▶ **Problem statement**
Give a verbatim copy of the lines below, minus the pictures.

:: Information given ::

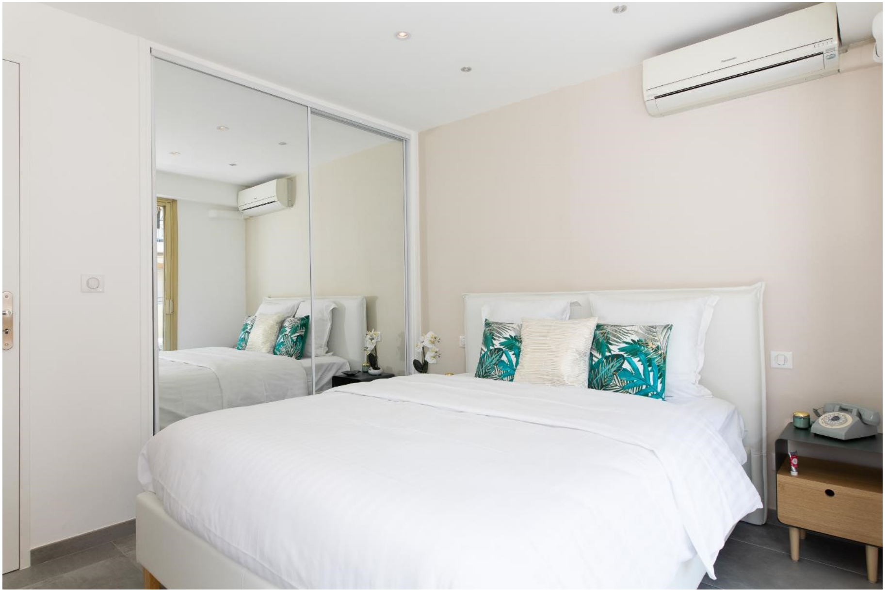
The large cupboards with mirror doors
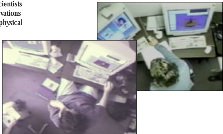
Study participants collaborating distributively.
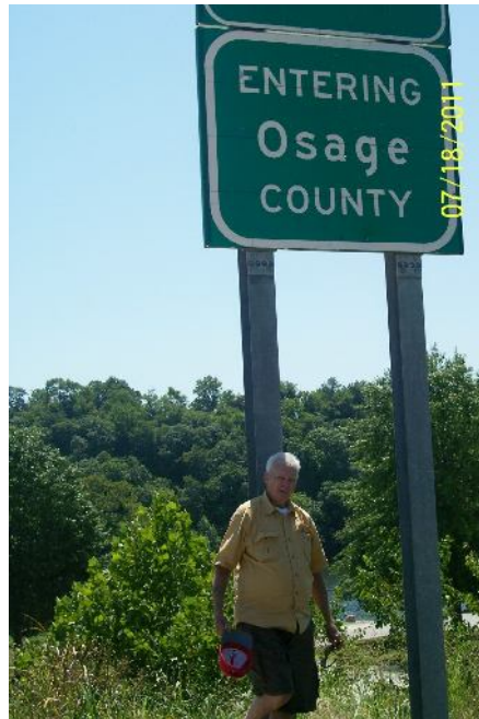
N9QS – Osage MO – LC for W3DYA

Silver, N9QS, spotted out and about in southern MO.
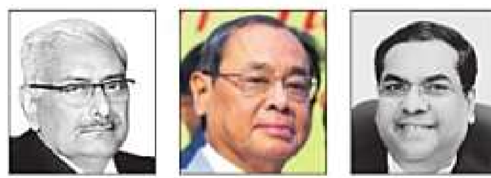
On the bench Saturday (from left) Justice Arun Mishra, CJI Ranjan Gogoi, and Justice Sanjiv Khanna.

'Two offices — one of PM, CJI. Those behind allegation want to deactivate office of CJI,' says Justice Gogoi
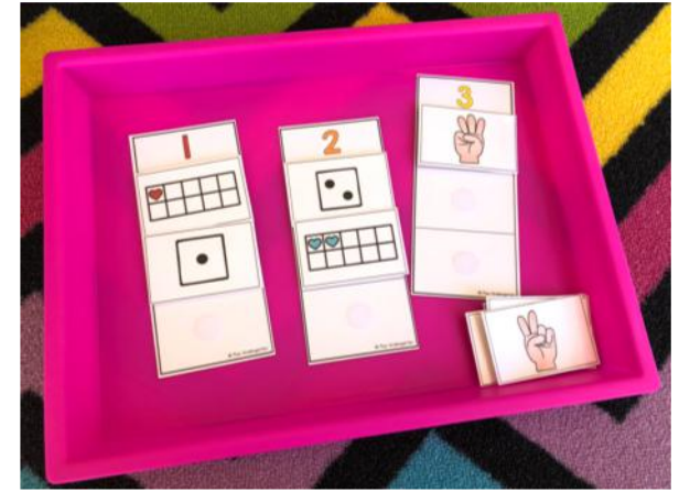
Count & match
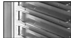
Sheet Pan Tray Slides
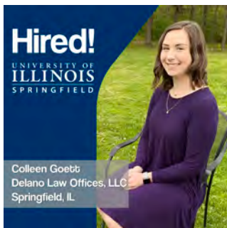
Legal Studies major to Legal Receptionist
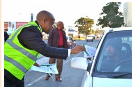
Premier Masualle interacting with motorists during the road intersection blitz.
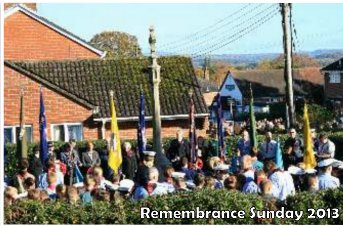
Remembrance Sunday 2013

We held our annual commemoration on Remembrance Sunday when the various uniformed organisations, along with many other groups, walked up St John's Road to the small War Memorial garden by St John's Church. A moving service was held and this, of course, had an added poignancy
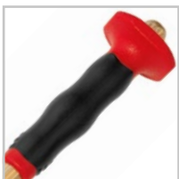
Two-Component Hand Guard
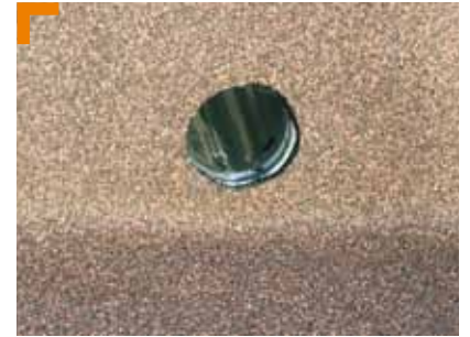
5. Leave to cool for a few minutes, then carefully cut out the hole in the rainwater outlet.
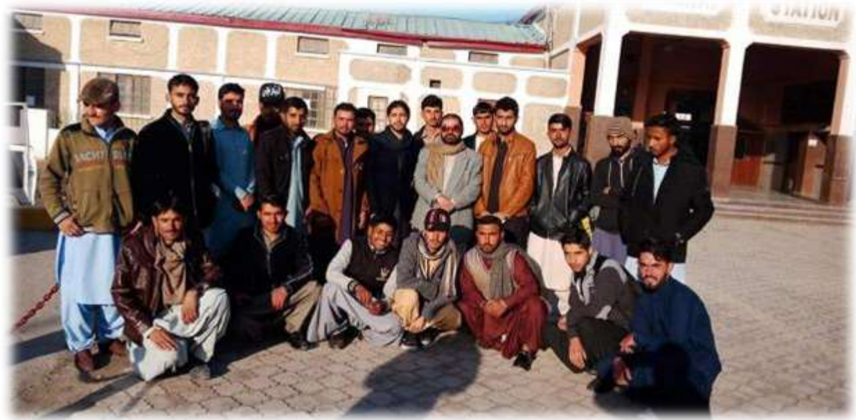
Figure 5: Participants at Quetta Railway Station before leaving for Lahore

Al Hijrah selected two senior classes consisting of 56 students of Intermediate part 1 and part 2 for the winter camp. In morning of January 24, 2019, the students along with two faculty members and two administrative staff members travelled via train from Quetta to Lahore. Majority of the student were travelling for the first time to another province and especially to the historic city of Lahore. After travel of a full day and night the participants reached Lahore. The participants were received by Al Hijrah Alumni members pursuing higher education in Lahore city. After a short break in Lahore, the Finance and Logistic Manager arranged transport to facilitate travelling to Akhuwat College Kasur that is situated in Mustafa Abad between Lahore and Kasur. Mr Akram and Mr Dogar from Akhuwat College, Kasur received the participants.
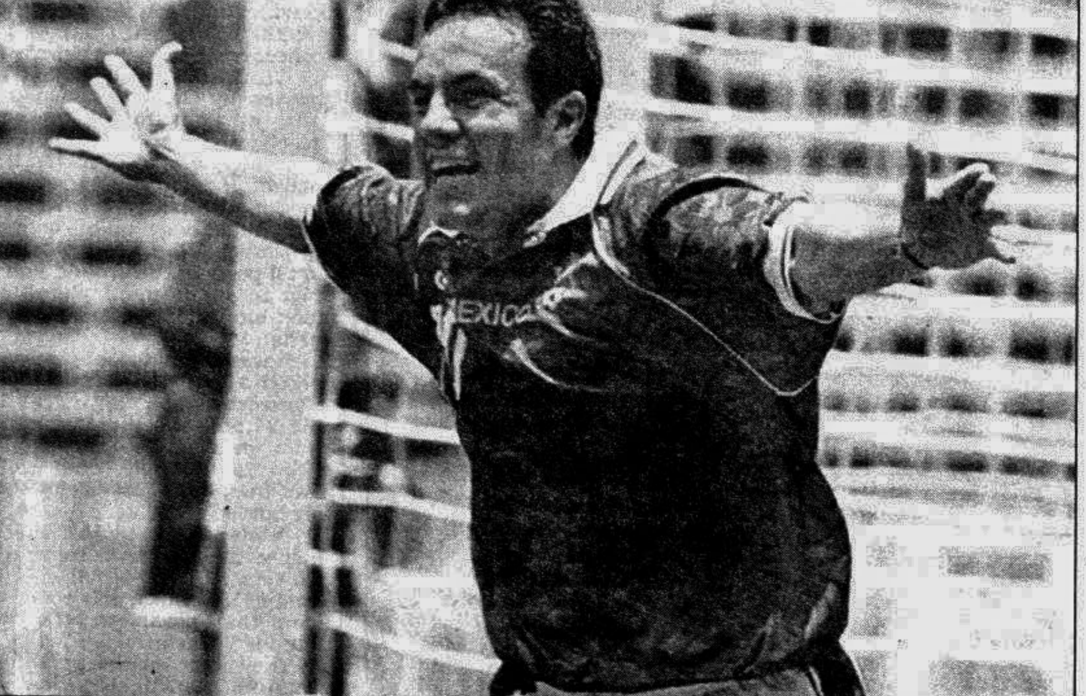
Mexico's prolific striker Cuauhtemoc Blanco is elated after scoring the 'golden goal' in the Confederations' Cup semifinal against the USA at Mexico City on August 1.
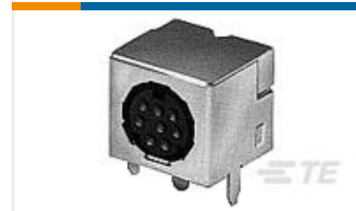
TE Part #5749266-1 Mini DIN, 6 pos, R/A, Shield
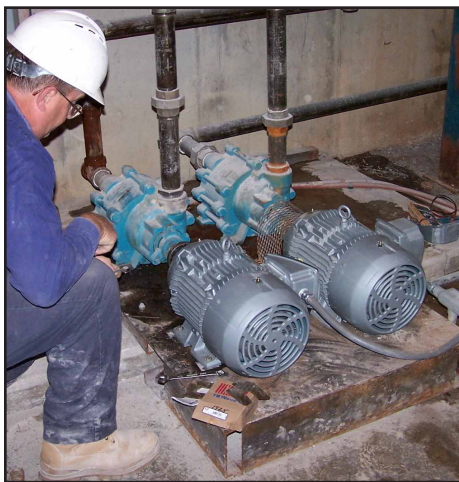
Figure 4. An electrician installs two new copper-rotor 10-hp SE&A IEEE Plus motors that will supply boiler feedwater for process steam. The SE&A motors are rated for a NEMA nominal efficiency of 92.4% at 100% load factor, which exceeds the NEMA Premium requirement by 0.7 percentage points. Tests conducted for CDA show that a copper-rotor SE&A motor of this size actually displays an efficiency of 92.72% at full load and greater than 93% at a 75% load factor.

In May 2007, replacement was proceeding as fast as possible, given the plant's continuous operating schedule. Examples of motors replaced as of that date include the blower motor shown in Figure 2 , a belt conveyor motor that transports material between the crushing to beneficiation departments ( Figure 3 ), a pair of boiler feedwater pump motors ( Figure 4 ), and about 15 more in sizes ranging from 1 hp to 20 hp. The current round of motor replacements was completed during a scheduled maintenance shut-down in mid-summer, 2007.
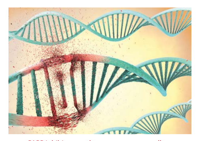
PARP inhibitors work to prevent cancer cells from repairing their DNA.

In some cases, women have been using these treatments for years with no cancer progression!
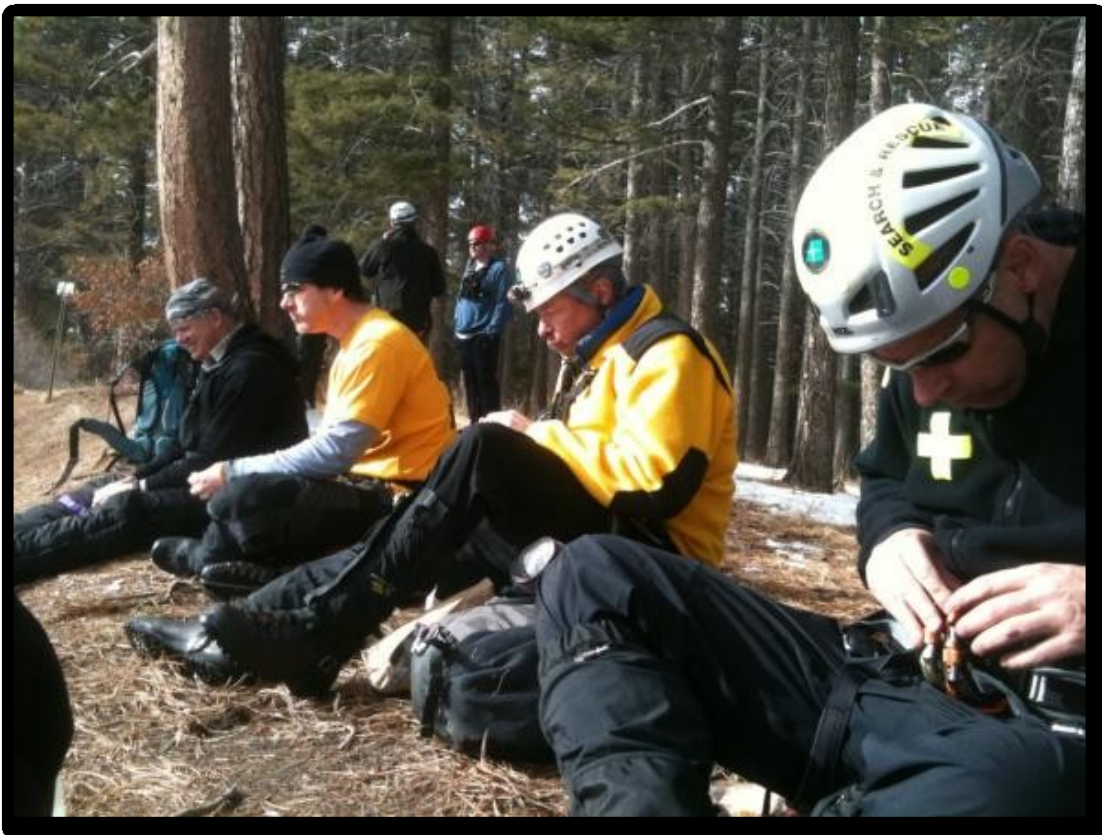
Lunch Break training, Jan 2011
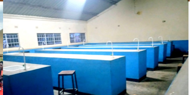
The newly commissioned 1x2 laboratory
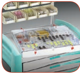
Divided Drawer Tray

:::

▶ **Task response**
The large cupboards with mirror doors
Study participants collaborating distributively.
N9QS – Osage MO – LC for W3DYA

Silver, N9QS, spotted out and about in southern MO.
On the bench Saturday (from left) Justice Arun Mishra, CJI Ranjan Gogoi, and Justice Sanjiv Khanna.

'Two offices — one of PM, CJI. Those behind allegation want to deactivate office of CJI,' says Justice Gogoi
Count & match
Sheet Pan Tray Slides
Legal Studies major to Legal Receptionist
Premier Masualle interacting with motorists during the road intersection blitz.
Remembrance Sunday 2013

We held our annual commemoration on Remembrance Sunday when the various uniformed organisations, along with many other groups, walked up St John's Road to the small War Memorial garden by St John's Church. A moving service was held and this, of course, had an added poignancy
Two-Component Hand Guard
5. Leave to cool for a few minutes, then carefully cut out the hole in the rainwater outlet.
Figure 5: Participants at Quetta Railway Station before leaving for Lahore

Al Hijrah selected two senior classes consisting of 56 students of Intermediate part 1 and part 2 for the winter camp. In morning of January 24, 2019, the students along with two faculty members and two administrative staff members travelled via train from Quetta to Lahore. Majority of the student were travelling for the first time to another province and especially to the historic city of Lahore. After travel of a full day and night the participants reached Lahore. The participants were received by Al Hijrah Alumni members pursuing higher education in Lahore city. After a short break in Lahore, the Finance and Logistic Manager arranged transport to facilitate travelling to Akhuwat College Kasur that is situated in Mustafa Abad between Lahore and Kasur. Mr Akram and Mr Dogar from Akhuwat College, Kasur received the participants.
Mexico's prolific striker Cuauhtemoc Blanco is elated after scoring the 'golden goal' in the Confederations' Cup semifinal against the USA at Mexico City on August 1.
TE Part #5749266-1 Mini DIN, 6 pos, R/A, Shield
Figure 4. An electrician installs two new copper-rotor 10-hp SE&A IEEE Plus motors that will supply boiler feedwater for process steam. The SE&A motors are rated for a NEMA nominal efficiency of 92.4% at 100% load factor, which exceeds the NEMA Premium requirement by 0.7 percentage points. Tests conducted for CDA show that a copper-rotor SE&A motor of this size actually displays an efficiency of 92.72% at full load and greater than 93% at a 75% load factor.

In May 2007, replacement was proceeding as fast as possible, given the plant's continuous operating schedule. Examples of motors replaced as of that date include the blower motor shown in Figure 2 , a belt conveyor motor that transports material between the crushing to beneficiation departments ( Figure 3 ), a pair of boiler feedwater pump motors ( Figure 4 ), and about 15 more in sizes ranging from 1 hp to 20 hp. The current round of motor replacements was completed during a scheduled maintenance shut-down in mid-summer, 2007.
PARP inhibitors work to prevent cancer cells from repairing their DNA.

In some cases, women have been using these treatments for years with no cancer progression!
Lunch Break training, Jan 2011
The newly commissioned 1x2 laboratory
Divided Drawer Tray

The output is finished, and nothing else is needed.